Exercise prompt:
Your output should consist of the lines from the first line of the records below through the one with "Slika 2: Obdelava video posnetkov", exactly, minus the pictures.

◆ ◆ ◆

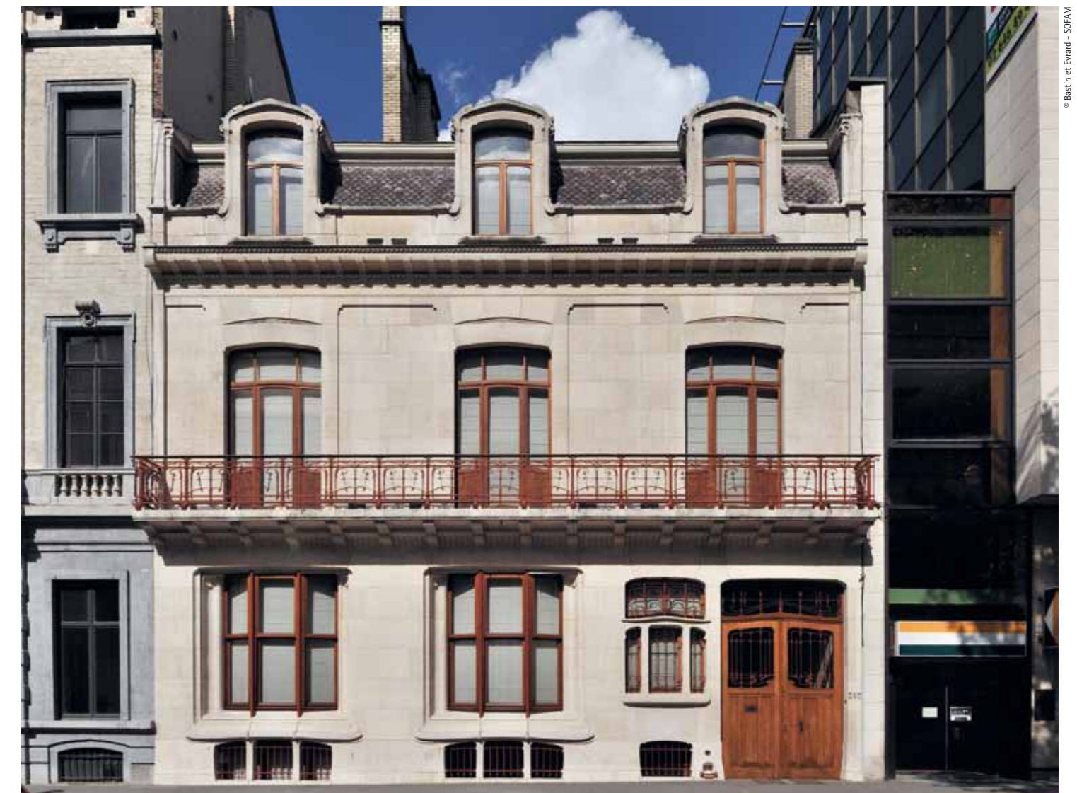
Façade of the house that Horta built in 1902 for the lawyer and politician Max Hallet / Façana de la casa que Horta va dissenyar el 1902 per a l'advocat i polític Max Hallet
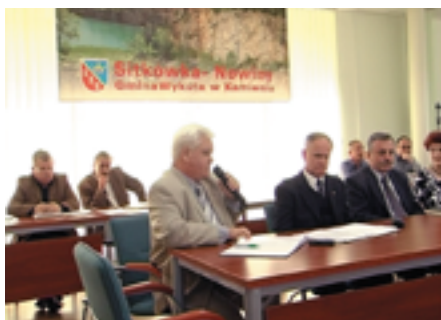
Podczas obrad Komisji w Sitkówce-Nowinach

rozdysponowania środków Funduszu Ochrony Gruntów Rolnych.
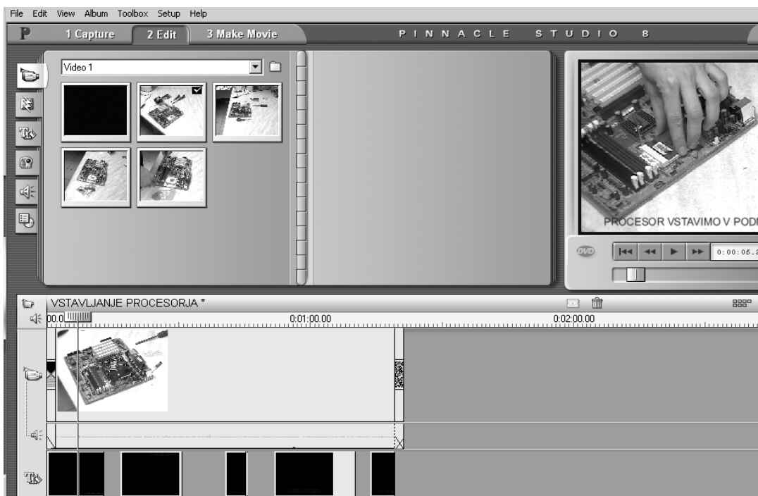
Slika 2: Obdelava video posnetkov

Na koncu smo multimedijški učbenik objavili na spletnem strežniku. Na računalniku, kjer gostuje multimedijški učbenik, je nameščen Internet Information Services (IIS) in Frontpage Extensions, ki omogočata anonimen dostop do učbenika, ter delovanje strani, ki uporabljajo Microsoftove podaljške za interaktivne strani, kot so npr. iskanje po straneh ali forum.
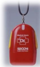
ペンダント型発信機
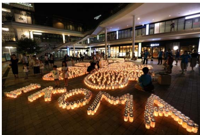
昨年のピース・キャンドル・ナイト in いこま

「平和な日常のために私たちができること」をしっかりと考え、地球環境や平和な世界のために行動する契機となることを目的としています。
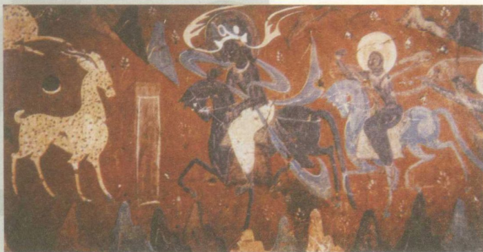
《鹿王本生故事》莫高窟壁画（北魏）

夏、商、西周及春秋、战国时期，绘画已有了相当的进步。古籍中已出现有关绘画活动的记载，如周代宫廷及明堂中已有历史人物的画像，春秋时楚先王庙及卿祠堂中也绘有历史、神话等内容的大型壁画。在河南安阳商代殷墟遗址及陕西扶风西周墓葬的发掘中都曾发现壁画残迹，两相印证，可知壁画已流行于当时上层社会。这时的绘画形象，可从青铜器及玉器上的装饰纹样，战国时期漆器上的彩画，特别是湖南长沙战国楚墓中出土的帛画和缯书图像中，看出中国绘画在当时已达到较高水平，为秦汉时期绘画艺术的发展奠定了基础。从绘画风格上看，商代庄严神秘而绚丽，西周趋于典雅。春秋以后，社会和思想观念发生巨大变化，绘画内容逐渐更多地反映社会生活，形象活泼生动，技巧上有了巨大的飞跃。
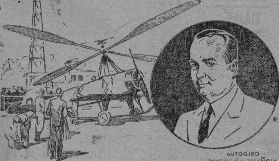
AUTOGIRO INVENCIÓN ESPAÑOLA JUAN DE LA CIERVA 1895-1936

Todos los grandes inventos son fruto de ideas luminosas. Existen en el universo materias y energías, que utilizadas con el acierto de una feliz idea producen efectos asombrosos. He aquí el secreto de la INSTANTINA, combinación especial de eficacísimos elementos terapéuticos, inocuos y seguros, que cortan con la máxima rapidez los resfriados y sus consecuencias así como toda clase de dolores.
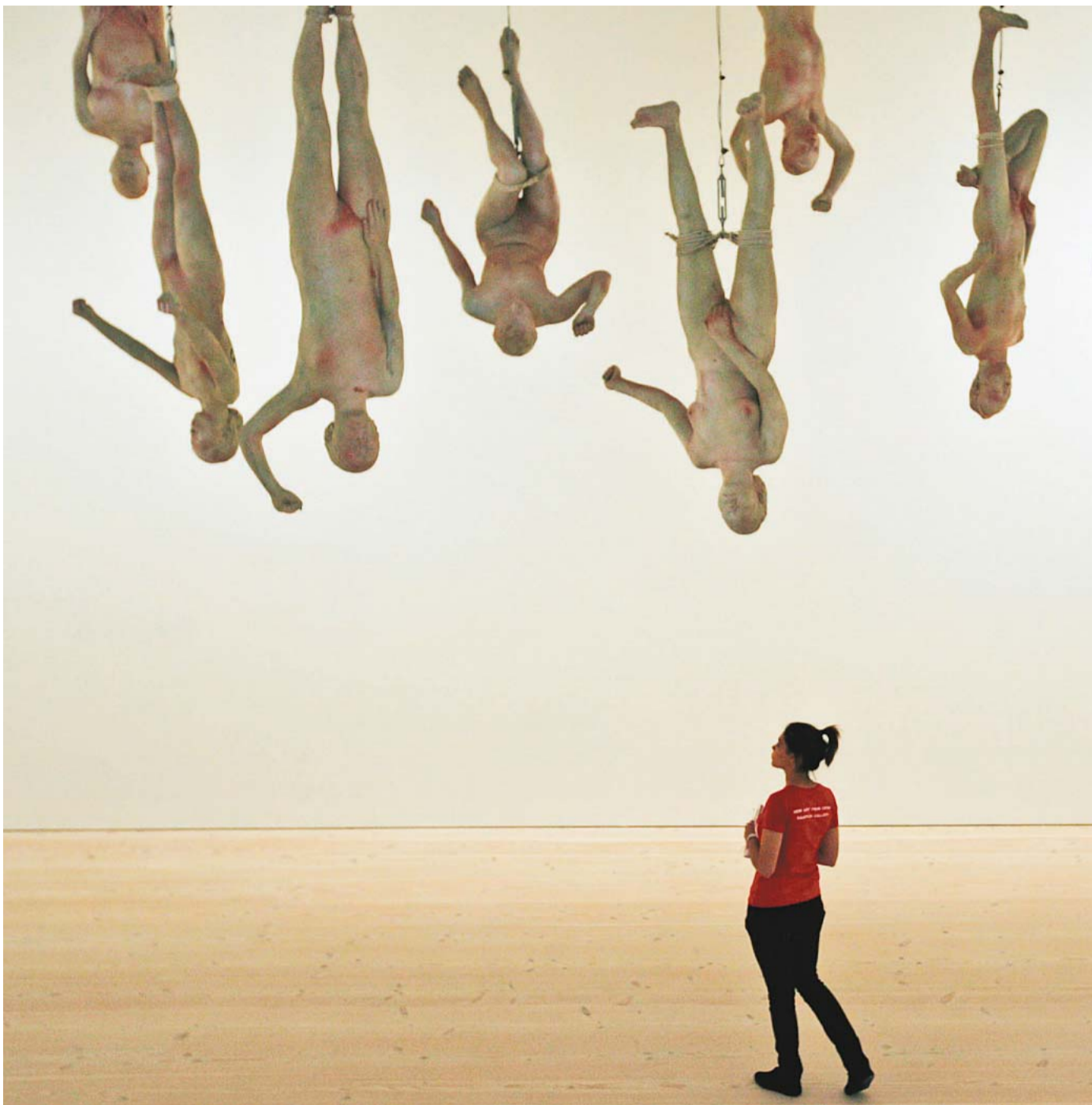
Heute spielen wir Baselitz mit Puppen: die Arbeit „Chinese Offspring“ des Chinesen Zhang Dali in der neuen Saatchi Gallery.

Doch die Furore, die die Werke in den ersten Jahren machten, als London noch
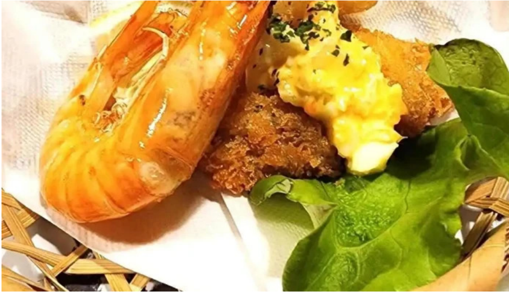
居酒屋誇羅司屋2号店 エビ

◆ ◆ ◆

Reply:
Façade of the house that Horta built in 1902 for the lawyer and politician Max Hallet / Façana de la casa que Horta va dissenyar el 1902 per a l'advocat i polític Max Hallet
Podczas obrad Komisji w Sitkówce-Nowinach

rozdysponowania środków Funduszu Ochrony Gruntów Rolnych.
Slika 2: Obdelava video posnetkov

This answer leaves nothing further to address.